Supplied information →

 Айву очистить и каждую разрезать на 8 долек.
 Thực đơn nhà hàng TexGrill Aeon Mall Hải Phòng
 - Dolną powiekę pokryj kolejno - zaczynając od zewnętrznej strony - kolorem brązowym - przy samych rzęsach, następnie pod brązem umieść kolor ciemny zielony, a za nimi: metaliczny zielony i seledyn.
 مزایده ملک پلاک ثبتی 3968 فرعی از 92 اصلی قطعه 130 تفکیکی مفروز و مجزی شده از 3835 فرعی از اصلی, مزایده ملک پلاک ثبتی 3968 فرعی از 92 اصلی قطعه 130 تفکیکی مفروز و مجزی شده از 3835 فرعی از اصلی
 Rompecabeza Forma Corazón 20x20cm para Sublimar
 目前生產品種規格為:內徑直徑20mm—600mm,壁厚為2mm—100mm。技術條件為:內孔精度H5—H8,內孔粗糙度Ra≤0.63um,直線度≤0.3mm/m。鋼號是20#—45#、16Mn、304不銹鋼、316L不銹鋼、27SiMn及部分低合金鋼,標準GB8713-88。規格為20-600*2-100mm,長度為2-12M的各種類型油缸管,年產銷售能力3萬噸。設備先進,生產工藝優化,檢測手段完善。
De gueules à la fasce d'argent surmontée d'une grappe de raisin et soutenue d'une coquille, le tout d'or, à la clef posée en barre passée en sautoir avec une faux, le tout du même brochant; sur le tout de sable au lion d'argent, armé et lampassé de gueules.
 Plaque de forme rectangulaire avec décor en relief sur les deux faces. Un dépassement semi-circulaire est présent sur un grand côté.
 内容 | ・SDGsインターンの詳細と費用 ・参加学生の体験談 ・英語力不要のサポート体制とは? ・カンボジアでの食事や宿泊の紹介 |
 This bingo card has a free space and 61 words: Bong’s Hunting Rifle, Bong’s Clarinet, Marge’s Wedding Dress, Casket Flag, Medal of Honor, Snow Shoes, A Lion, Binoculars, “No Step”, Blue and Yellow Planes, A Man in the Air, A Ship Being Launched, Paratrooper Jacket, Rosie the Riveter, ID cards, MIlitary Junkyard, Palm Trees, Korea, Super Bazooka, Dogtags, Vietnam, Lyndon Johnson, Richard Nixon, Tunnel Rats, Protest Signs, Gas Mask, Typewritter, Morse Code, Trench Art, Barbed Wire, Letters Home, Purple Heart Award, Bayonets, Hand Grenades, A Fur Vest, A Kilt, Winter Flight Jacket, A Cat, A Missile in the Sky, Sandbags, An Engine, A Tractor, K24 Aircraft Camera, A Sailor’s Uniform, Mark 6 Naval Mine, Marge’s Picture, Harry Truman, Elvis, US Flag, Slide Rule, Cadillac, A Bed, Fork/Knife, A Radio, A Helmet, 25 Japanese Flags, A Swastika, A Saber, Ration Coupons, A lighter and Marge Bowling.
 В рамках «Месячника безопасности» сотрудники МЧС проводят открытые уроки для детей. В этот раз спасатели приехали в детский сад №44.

Task description → Reproduce word for word the material above, beginning with the line that contains "目前生產品種規格為:內徑直徑" and ending with the line that contains "内容 | ・SDGsインターンの詳細と費用".

Exercise response →
 目前生產品種規格為:內徑直徑20mm—600mm,壁厚為2mm—100mm。技術條件為:內孔精度H5—H8,內孔粗糙度Ra≤0.63um,直線度≤0.3mm/m。鋼號是20#—45#、16Mn、304不銹鋼、316L不銹鋼、27SiMn及部分低合金鋼,標準GB8713-88。規格為20-600*2-100mm,長度為2-12M的各種類型油缸管,年產銷售能力3萬噸。設備先進,生產工藝優化,檢測手段完善。
De gueules à la fasce d'argent surmontée d'une grappe de raisin et soutenue d'une coquille, le tout d'or, à la clef posée en barre passée en sautoir avec une faux, le tout du même brochant; sur le tout de sable au lion d'argent, armé et lampassé de gueules.
 Plaque de forme rectangulaire avec décor en relief sur les deux faces. Un dépassement semi-circulaire est présent sur un grand côté.
 内容 | ・SDGsインターンの詳細と費用 ・参加学生の体験談 ・英語力不要のサポート体制とは? ・カンボジアでの食事や宿泊の紹介 |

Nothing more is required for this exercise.